As I’ve said many times, those worlds are coming together. So the fact that we built a system for manufacturers and we build a system for non-manufacturers, for service companies if want to call them that broadly, is the most exciting part because those two worlds are colliding. I have got my Fitbit on right now. What is that, a product or a service, with all the data they are collecting on me and what not.
So the fact that we’ve actually built a system that envisions both of those use cases is incredible and for me it’s really the ‘game over’ application. You hear people talk about what they are doing in ERP. They are talking about doing one or the other typically. I’m going to run a services company, I’m going to run manufacturing companies. It’s a non-starter because manufacturing companies are becoming services companies and services companies are becoming manufacturing companies and we are the only company on the planet who solved that problem.
Almost a quarter of revenue is now coming from outside the US as NetSuite pushes more aggressively internationally, most notably in Europe. Nelson says:
Europe had a great quarter, particularly in the UK. So good things are happening there. The bigger challenge I think is not so much product as it is distribution and services. I mean to sell in Germany you have to speak German, you have to have German services people and so you have a fairly large initial cost of investment to make the operational side of it happen. As we look out certainly in the future years that’s something that we think about layering in more aggressively and then slap in all these data centers.
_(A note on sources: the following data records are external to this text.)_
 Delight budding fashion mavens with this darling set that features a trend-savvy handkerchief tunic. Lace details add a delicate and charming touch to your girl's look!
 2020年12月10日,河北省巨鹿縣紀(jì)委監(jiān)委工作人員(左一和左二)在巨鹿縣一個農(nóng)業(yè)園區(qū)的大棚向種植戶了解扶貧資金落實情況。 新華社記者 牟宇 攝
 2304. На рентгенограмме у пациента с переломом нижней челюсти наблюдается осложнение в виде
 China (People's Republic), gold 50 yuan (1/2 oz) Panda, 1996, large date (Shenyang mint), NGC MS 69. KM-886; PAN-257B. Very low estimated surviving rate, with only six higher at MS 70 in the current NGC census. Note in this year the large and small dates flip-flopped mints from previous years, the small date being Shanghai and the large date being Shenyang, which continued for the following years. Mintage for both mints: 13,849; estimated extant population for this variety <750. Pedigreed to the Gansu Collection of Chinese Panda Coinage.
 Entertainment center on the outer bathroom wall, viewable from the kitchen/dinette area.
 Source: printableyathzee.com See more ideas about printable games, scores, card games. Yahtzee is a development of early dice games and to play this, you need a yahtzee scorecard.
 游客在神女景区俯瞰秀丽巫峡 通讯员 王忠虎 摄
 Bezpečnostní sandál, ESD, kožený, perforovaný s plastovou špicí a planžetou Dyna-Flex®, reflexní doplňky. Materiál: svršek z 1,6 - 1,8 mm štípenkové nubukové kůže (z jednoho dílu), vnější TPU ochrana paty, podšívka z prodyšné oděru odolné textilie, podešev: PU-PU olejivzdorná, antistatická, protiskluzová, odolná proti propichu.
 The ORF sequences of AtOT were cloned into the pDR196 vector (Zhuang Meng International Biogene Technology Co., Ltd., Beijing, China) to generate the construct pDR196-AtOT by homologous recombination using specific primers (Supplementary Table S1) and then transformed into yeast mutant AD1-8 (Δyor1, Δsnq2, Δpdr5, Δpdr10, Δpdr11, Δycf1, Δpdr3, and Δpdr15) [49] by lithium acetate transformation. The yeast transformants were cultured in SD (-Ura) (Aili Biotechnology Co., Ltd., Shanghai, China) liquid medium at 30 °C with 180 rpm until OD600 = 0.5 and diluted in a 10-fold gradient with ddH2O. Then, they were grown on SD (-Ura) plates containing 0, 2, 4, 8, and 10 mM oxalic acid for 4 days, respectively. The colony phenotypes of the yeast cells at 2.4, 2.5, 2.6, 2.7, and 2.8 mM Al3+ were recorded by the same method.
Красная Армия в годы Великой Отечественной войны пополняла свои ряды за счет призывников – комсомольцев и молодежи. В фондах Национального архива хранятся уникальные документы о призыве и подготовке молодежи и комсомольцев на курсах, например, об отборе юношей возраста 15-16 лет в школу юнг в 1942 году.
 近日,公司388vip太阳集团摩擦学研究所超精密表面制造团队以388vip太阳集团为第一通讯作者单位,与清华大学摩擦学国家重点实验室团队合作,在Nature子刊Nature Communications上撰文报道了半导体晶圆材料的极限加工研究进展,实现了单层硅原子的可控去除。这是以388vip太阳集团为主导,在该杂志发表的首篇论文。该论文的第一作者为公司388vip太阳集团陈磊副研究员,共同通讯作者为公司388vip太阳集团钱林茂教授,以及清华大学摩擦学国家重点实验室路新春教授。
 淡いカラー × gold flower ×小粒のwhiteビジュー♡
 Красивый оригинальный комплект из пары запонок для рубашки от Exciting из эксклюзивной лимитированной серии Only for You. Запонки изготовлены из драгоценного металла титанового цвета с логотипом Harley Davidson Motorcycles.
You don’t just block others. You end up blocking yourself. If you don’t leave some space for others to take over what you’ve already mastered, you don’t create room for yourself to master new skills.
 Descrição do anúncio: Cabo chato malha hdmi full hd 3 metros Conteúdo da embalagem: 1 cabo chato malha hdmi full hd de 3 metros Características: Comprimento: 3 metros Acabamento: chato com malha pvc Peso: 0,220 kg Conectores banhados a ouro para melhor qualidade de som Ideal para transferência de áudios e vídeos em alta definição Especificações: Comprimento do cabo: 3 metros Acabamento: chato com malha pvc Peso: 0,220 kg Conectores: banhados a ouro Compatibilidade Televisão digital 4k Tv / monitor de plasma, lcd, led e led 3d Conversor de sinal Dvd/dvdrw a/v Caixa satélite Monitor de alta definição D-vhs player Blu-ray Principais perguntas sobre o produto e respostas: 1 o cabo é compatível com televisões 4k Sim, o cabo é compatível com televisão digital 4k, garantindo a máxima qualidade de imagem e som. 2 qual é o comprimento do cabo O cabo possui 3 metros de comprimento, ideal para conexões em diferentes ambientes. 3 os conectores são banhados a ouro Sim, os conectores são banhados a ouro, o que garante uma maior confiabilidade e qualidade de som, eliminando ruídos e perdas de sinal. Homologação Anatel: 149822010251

We are well on our path on the data center front in Europe and we’ll certainly have more to announce about the opening of those data centers shortly.
Mention of Germany of course reminds us that no NetSuite event is complete without a scathing shot or two across the SAP bows. Nelson obliges with:
Traditional vendors that lack cloud native ERP, such as SAP saw their license revenue crater once again. SAP’s 7% constant currency decline in license revenue was their largest license decline since the great recession of 2009.
It appears as the shift to the cloud accelerates, SAP is now enjoying its own individual great recession with very little light at the end of the tunnel as both revenue and profitability shrink and they have no modern native cloud ERP offering to sell.
On a broader canvas, Nelson states:
The competitive world for us sort of remains the same out there. I mean there hasn’t been really any innovation in the space that we’re in for 20 years. So it’s us versus a large group of dinosaurs. Then it becomes sort of an industry-by-industry set, that you are replacing Microsoft Great Plains here, you’re replacing Infor there, Epicor in retail, those kinds of things. It gets vertical very quickly in terms of the competitive set.
Steady as she goes – and Wall Street’s happy even with no sign of a profit in sight. NetSuite’s sweet spot of omni-channel focus is paying off and the emphasis on European expansion is a sound strategy.
The firm promoted Chief Operating Officer and NetSuite veteran Jim McGeever to the office of President this week. This is a well-deserved move for the safest of safe pair of hands. With the earlier addition of Fred Studer as Chief Marketing Officer adding some fizz to NetSuite’s marketing, the senior management line-up is looking pretty impressive and bodes well for 2015 and beyond.
Disclosure – at time of writing, NetSuite and SAP are premier partners of diginomica.